Saturday, August 16, 2014

Inner Dragons

Argilarium, La Grande Parade, Argeles-sur-mer 

There were no doubt a few nightmares last night. Toddlers who had not been pre-conditioned to understand the huge 'fire'-breathing dragon swinging his enormous, acrid-smelling head in their direction was mechanical and not real. The young teenage girl chased around the square by the 12-foot costumed ghoul on stilts.

We all have dragons we face, some sporadically, some daily, some for a lifetime. Many of the dragons or demons are created in our own imagination, fears of what calamity might befall us, sometimes based on real events, sometimes mere worry of the unknown future. Or our dragon/demon might be the frustration of unfulfilled dreams.
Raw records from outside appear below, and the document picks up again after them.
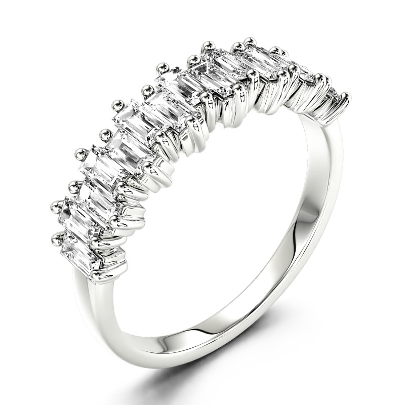 Promise to love, honor and cherish her with this charming moissanite wedding band. An alternating wave of emerald-cut stones dazzle along one third of the band for a modern and lustrous look. Perfect for all-day wear, the inside of the shank is rounded for comfort. On your wedding day or wedding anniversary, present her with a band that represents an eternity of love.
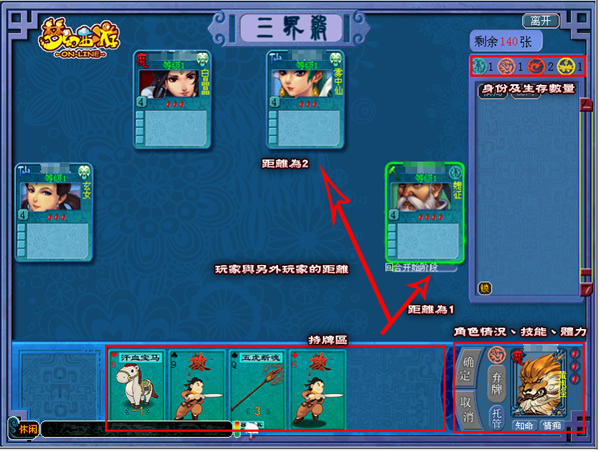 3、大家开始轮流摸牌,出牌,通过各种牌完成进攻及补给。当一名角色当前血量为零时,这名角色即被击败。
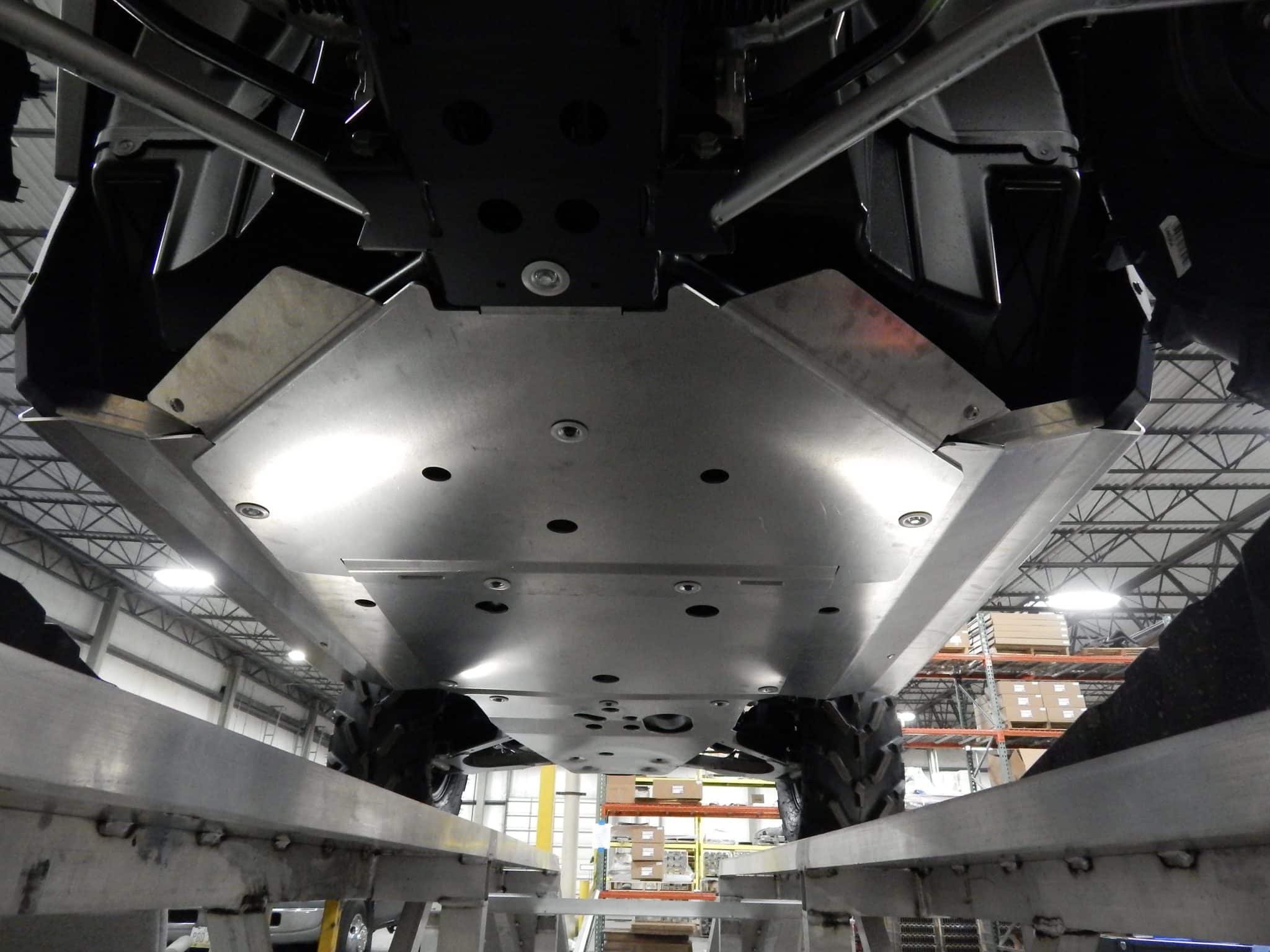 This skid plate has cutouts for use with Polaris tree guards.  Skid plate is made from .160 (5/32″) aluminum and feature formed in Rock Sliders and our signature brushed finish. Bolt-on installation with no drilling or modifications to your vehicle. Access holes are provided for maintenance and drainage. Mounting bolts are recessed with stainless steel skid plate washers to prevent shearing off bolt heads.

At this point, safe to say, I'll never play the professional golf tour. Nor even a single event such as the Dick's Sporting Goods Open in Endicott, NY, on the PGA Champions Tour - which they are playing this week - a tournament I helped start about 40 years ago as the B.C. Open. That dream passed, unless they invent a fountain of youth, so I'll always wonder what might have been. And try to be content that I had a small role in launching something that has benefited the community for four decades.

I used to worry much more about money. That's because I had assented to the bigger/more stuff is better consumerist philosophy in America and taken on all the mortgage and credit card debt that the banksters thought my income at the time could handle. Today, I make less than I ever have, except perhaps the earliest years of my career, but because of our simplistic lifestyle we have more than enough to meet our needs and even help some others along the way.

Professionally, I fret over doing a solid job on a project. That's a good fret in that it keeps me motivated to over-research and continually refine, knowing if I satisfy my own very high standards the chances are good I'll satisfy my client in the process.

If I have any frustration, it is that there does not seem to be enough time to do all the things I want to do - not anything that someone else is requiring but projects that I want to make happen.

As I get older, I think more about health issues. Not so much fear of dying, for I've had a very good and interesting life and can live with any regrets. Not so much concern about pain, discomfort. More about becoming a burden on someone else by lacking the capacity to take care of myself.
 
I know there are real monsters in the world. The banksters and politicians who control the levers of power - to the benefit of the few and the general detriment of the many. As with the multi-ton mechanical beast rolling through the streets of tiny Argeles last night, we'd best stay out of the way or get mangled. Until someone figures out a way to unplug their power source.

I've always been a very sound sleeper. Always had the ability, pretty much, to tune out the angst of the day, leave it til tomorrow. The times I am restless are generally because I haven't gotten as much done as I think I should have, which means I'm adding to the pressure of the next day.

But the changes in my life the past couple of years, including a partner who supports me unconditionally, as I do her, have eliminated any demons I may have harbored in my previous iteration.

The pressure to merely survive, to try to meet others' manipulations,  is history for me. The only objective each day now is to live life to the fullest and make a positive difference where I can. Take that, dragon.